How to complete this task: Keep the lines exact and the pictures out as you repeat the following listing.

Dataset section:
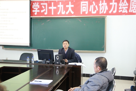 张文喜教授就十九大报告分五个方面给大家进行了解读,观点鲜明,案例生动,分析透彻。报告结束了,大家意犹未尽,大家纷纷表示,听了辅导,对党的十九大报告的内涵有了更深刻的理解,一定立足岗位,教书育人,在以习近平同志为核心的党中央的领导下为中国人民谋幸福、为中华民族谋复兴。
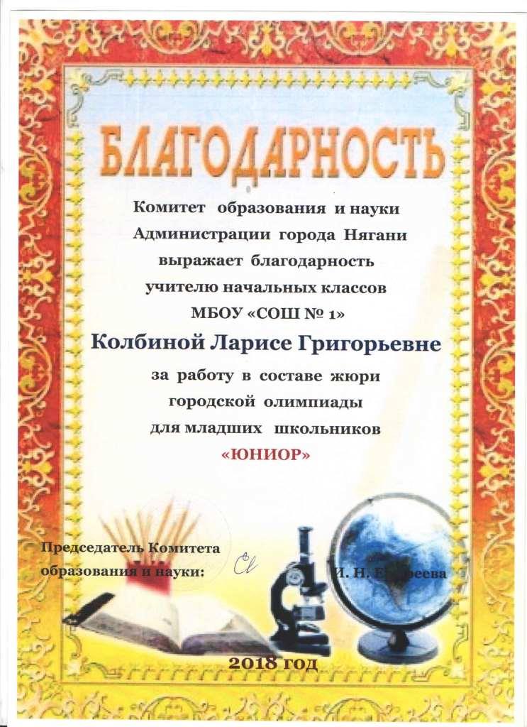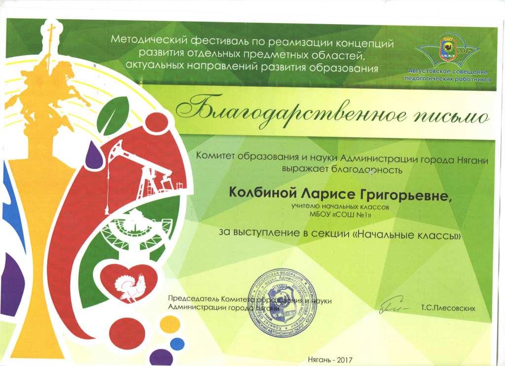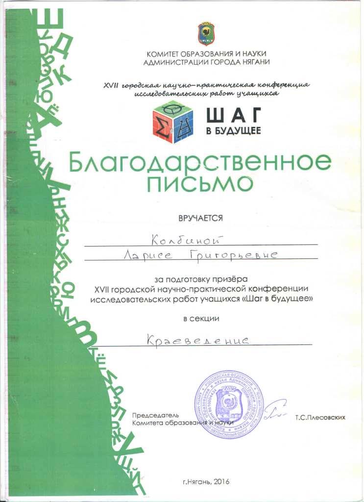 Благодарственное письмо Комитета образования и науки г.Нягани
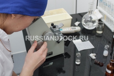 На снимке: провизор исследует качество изготовления лекарственного раствора оптическим рефрактометром ИРФ-454 Б2М.
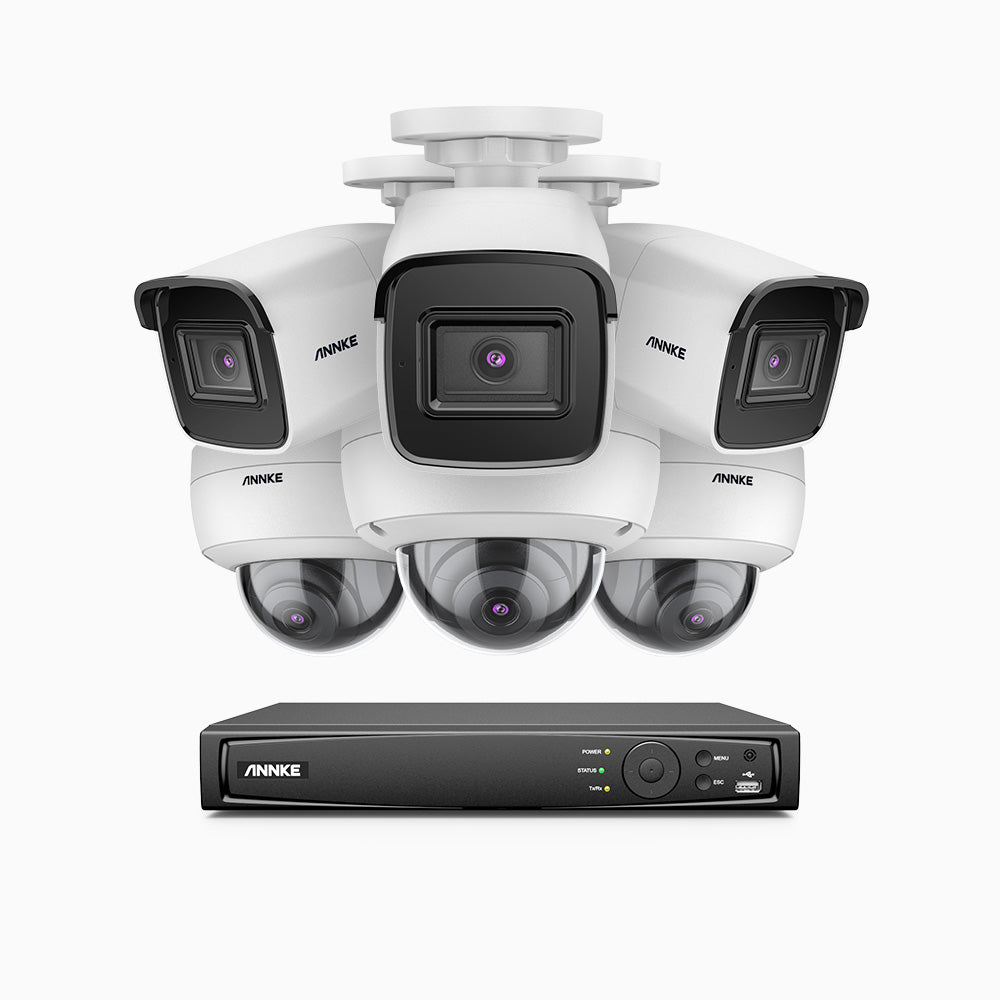 H800 - Kit de vigilancia PoE 4K con 3 cámaras bullet y 3 cámaras domo (antivándalica IK10) y videograbador NVR de 16 canales, Visión nocturna a color e infrarrojos, detección de humanos y vehículos, micrófono integrado, ángulo de visión 96º

Task response:
 张文喜教授就十九大报告分五个方面给大家进行了解读,观点鲜明,案例生动,分析透彻。报告结束了,大家意犹未尽,大家纷纷表示,听了辅导,对党的十九大报告的内涵有了更深刻的理解,一定立足岗位,教书育人,在以习近平同志为核心的党中央的领导下为中国人民谋幸福、为中华民族谋复兴。
 Благодарственное письмо Комитета образования и науки г.Нягани
 На снимке: провизор исследует качество изготовления лекарственного раствора оптическим рефрактометром ИРФ-454 Б2М.
 H800 - Kit de vigilancia PoE 4K con 3 cámaras bullet y 3 cámaras domo (antivándalica IK10) y videograbador NVR de 16 canales, Visión nocturna a color e infrarrojos, detección de humanos y vehículos, micrófono integrado, ángulo de visión 96º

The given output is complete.